A fluorescent optical micrograph showing how vimentin networks (green) respond to compressive loads, and protect the cell nucleus from mechanical damage
Cells and tissues are subjected to external mechanical stresses in the body, including compressive loads, pressure gradients, and shear. This study shows that single cells become harder when compressed and that the parts inside the cells that make them strong (called the cytoskeleton) change when they are compressed. Some cells, like fibroblasts, become harder when subjected to moderate compression. However, this does not happen if a part of the cytoskeleton called vimentin is removed. This is because vimentin networks become harder when compressed or extended. This is explained using a theoretical model to based on the flexibility of vimentin filaments and their surface charge, which resists volume changes of the network under compression.

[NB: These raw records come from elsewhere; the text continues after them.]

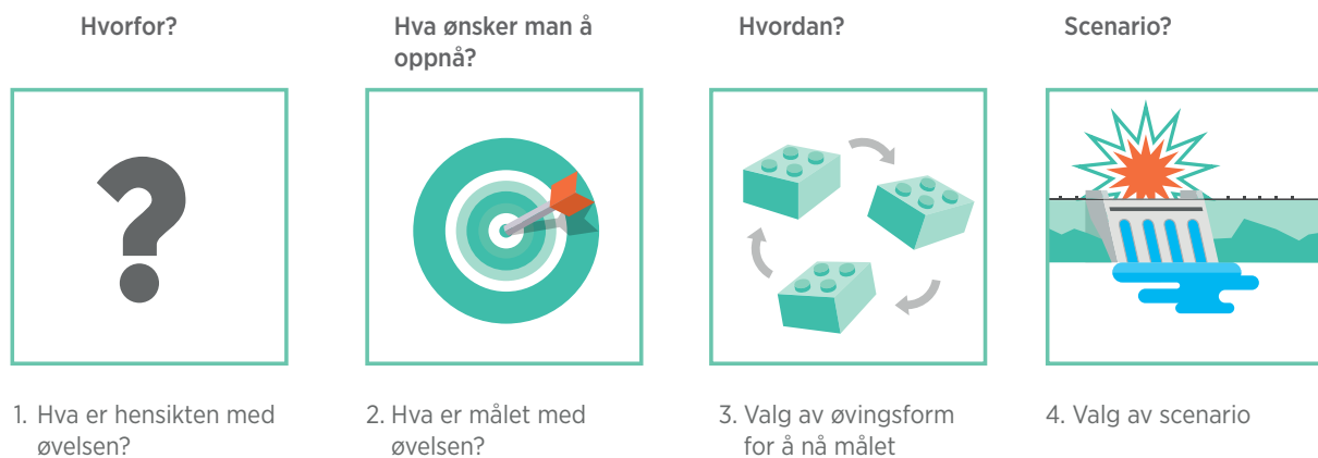
FIGUR 1. Spørsmål man bør ta stilling til forut for planleggingsprosessen

Disse spørsmålene bør drøftes før man velger øvingsform:
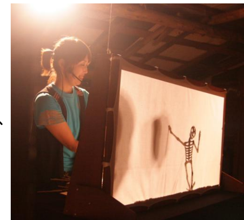
【影絵屋 SAKURA による影絵の様子】
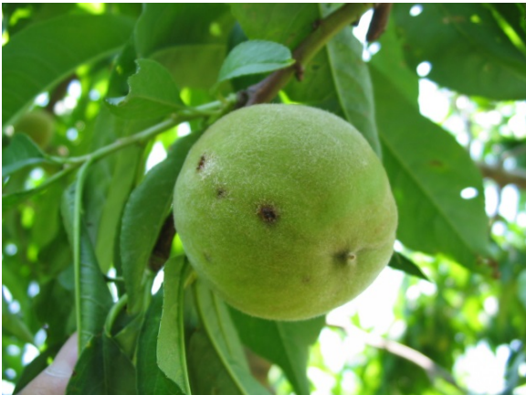
果実の被害 褐色の微小な病斑を生じ、果実の生長に伴い深い亀裂のある病斑になる。
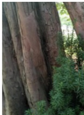
EIBE = 27
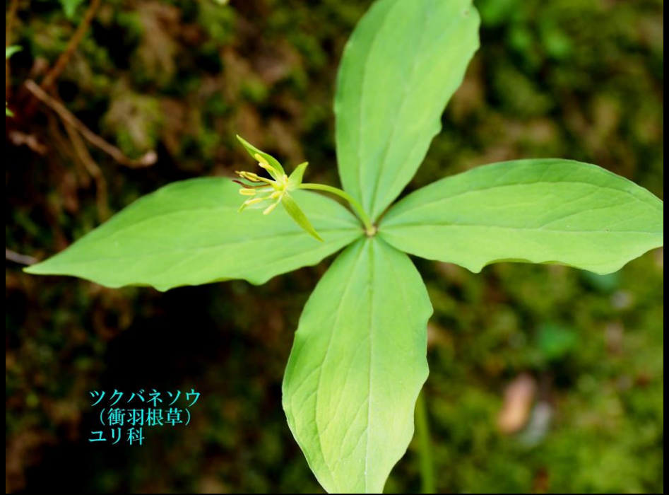
ツクバネソウ (衝羽根草) ユリ科
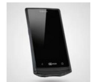
Orderman5+: Das Plus-Modell mit NFC-Leser (ideal für Zutrittssysteme) und Bluetooth zur Verwendung des Gürteldruckers.
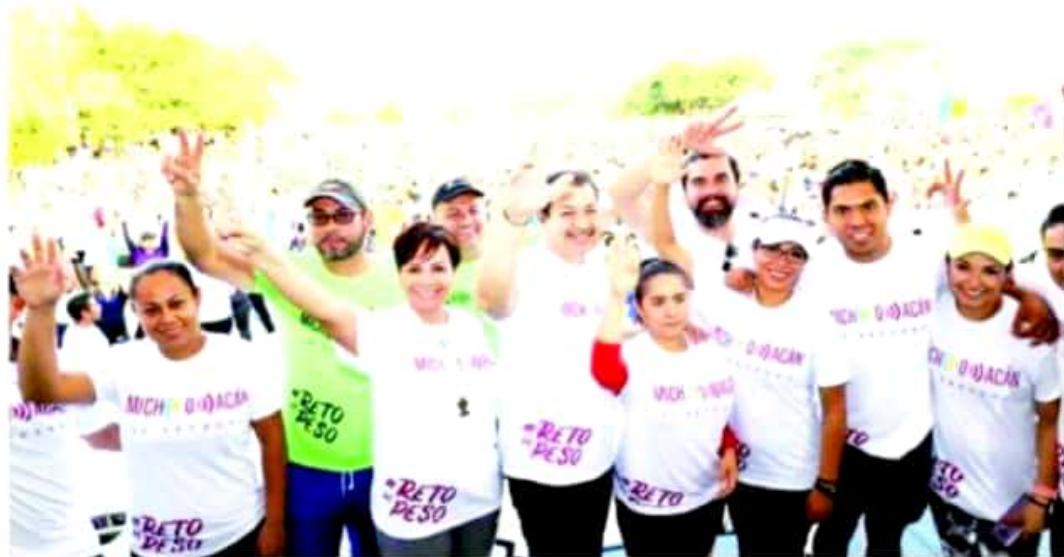
CD. LÁZARO CÁRDENAS, MICH.- Concentración masiva superada de más de 4 mil personas en la explanada del estacionamiento principal del Instituto Tecnológico de Lázaro Cárdenas, durante la segunda fase del "Reto de Peso".

Durante 2019, más de 150 personas ha atendido CEAV, en su mayoría, mujeres PÁG. 2
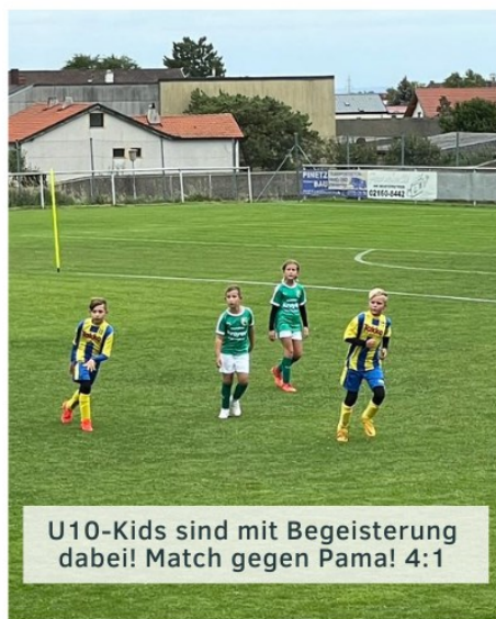
U10-Kids sind mit Begeisterung dabei! Match gegen Pama! 4:1
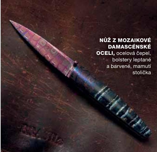
NŮŽ Z MOZAIKOVÉ DAMASCÉNSKÉ OCELI , ocelová čepel, bolstery leptané a barvené, mamutí stolička
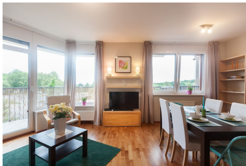
(F1) Televize se přemístila na praktičtější místo mezi okna
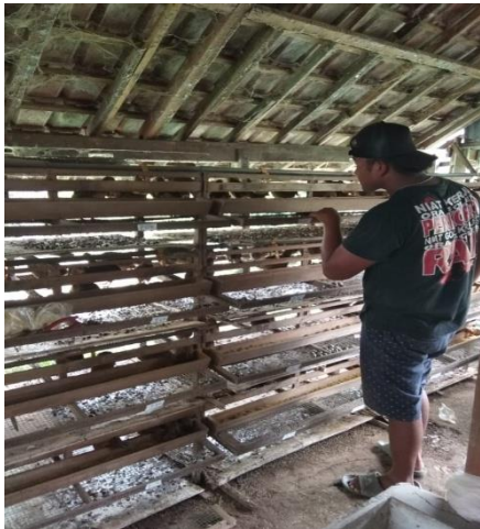
Proses pemberian pakan
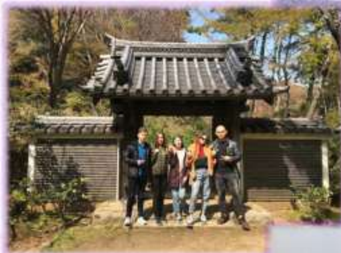
Токио, храм Синагава
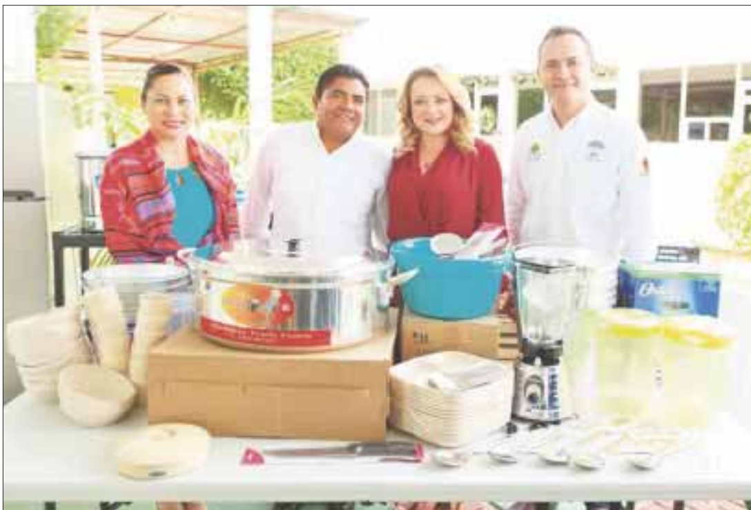
La presidenta honoraria del DIF, Gabriela Rejón y autoridades estatales pusieron en marcha la unidad móvil y equipamiento de los desayunadores.

Chetumal.- Contribuir a la seguridad alimentaria de la población escolar en situación de vulnerabilidad y combatir la desigualdad es un compromiso, afirmó la presidenta del Sistema Estatal DIF Quintana Roo, Gaby Rejón, en la entrega y el banderazo de salida del camión con mobiliario y equipo para desayunadores escolares del Subprograma de Infraestructura, Rehabilitación y/o Equipamiento de Espacios Alimentarios, en beneficio de 2 mil 300 niños de la entidad.
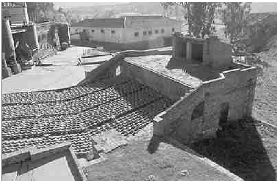
FOTOGRAFÍA 1. Hornos Bustamante (S. XVII). Explotaciones de cinabrio (Almadén).
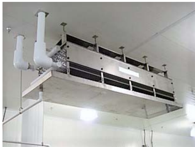
Figura No 9: Unidad suspendida del techo del área refrigerada.

Soportes de tubería inapropiados podrían sobrecargar las conexiones del serpentín, generando una fuga. Cualquier soporte de tubería y unidad que muestre cualquier signo de daño deberá ser reparado o reemplazado inmediatamente.
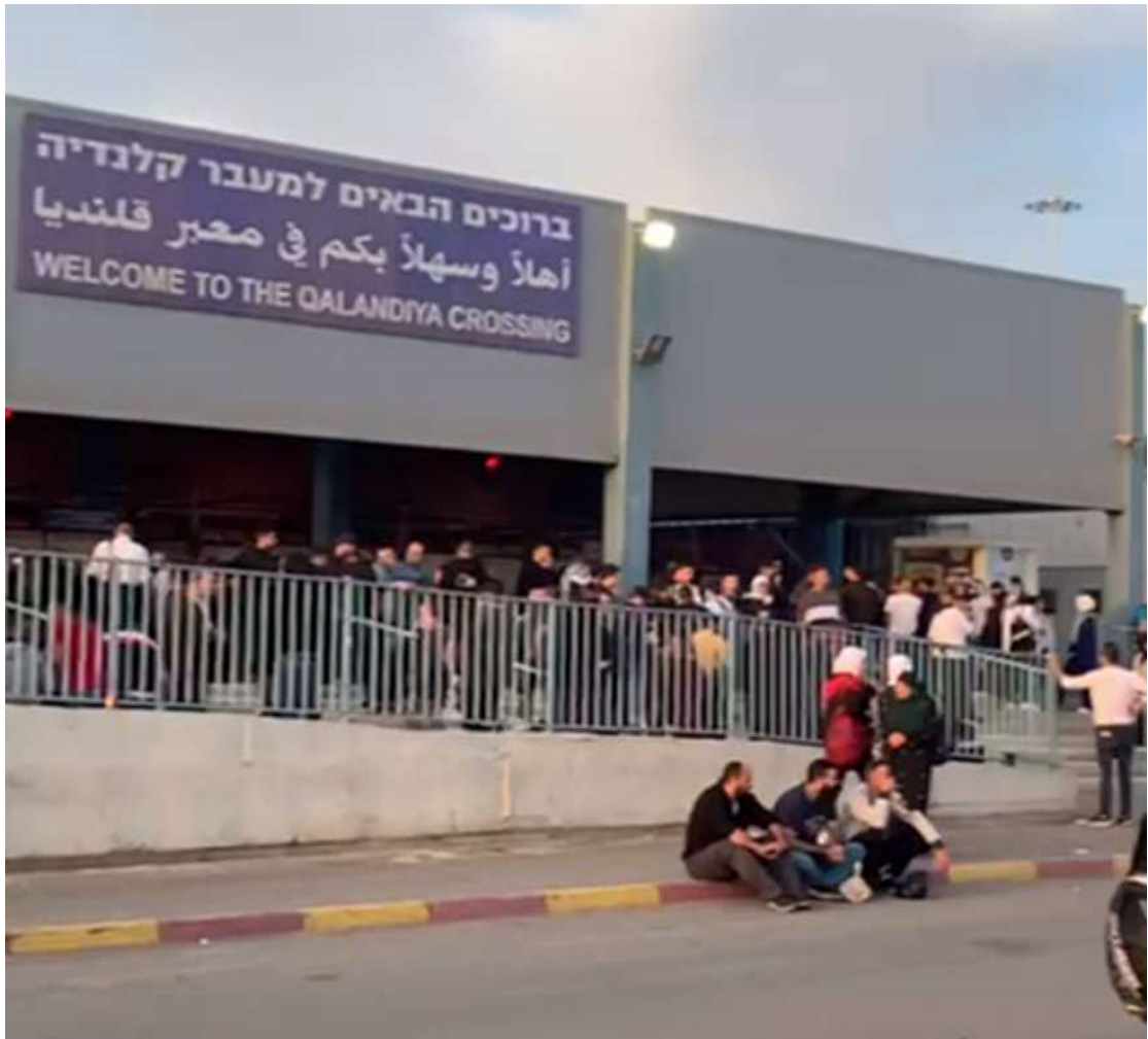
צפיפות במעבר הולכי הרגל במחסום, בהמתנה לבידוק 29.10.2023
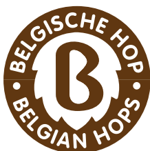
Logo 1 kleur
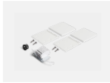
04-20103, S 2xEndkappe - Kunststoff, Klemmleiste 5-polig, Kabeldurchführung

These results help us understand how cells react to forces and show that intermediate filaments such as vimentin play a central role in how cells respond to compression, protecting the cell’s nucleus from mechanical damage.
(Pogoda, K.; … Grishchuk, E. … Janmey, P.A.; Unique Role of Vimentin Networks in Compression Stiffening of Cells and Protection of Nuclei from Compressive Stress. Nano Letters 2022, 22 (12), 4725-4732. DOI: 10.1021/acs.nanolett.2c00736.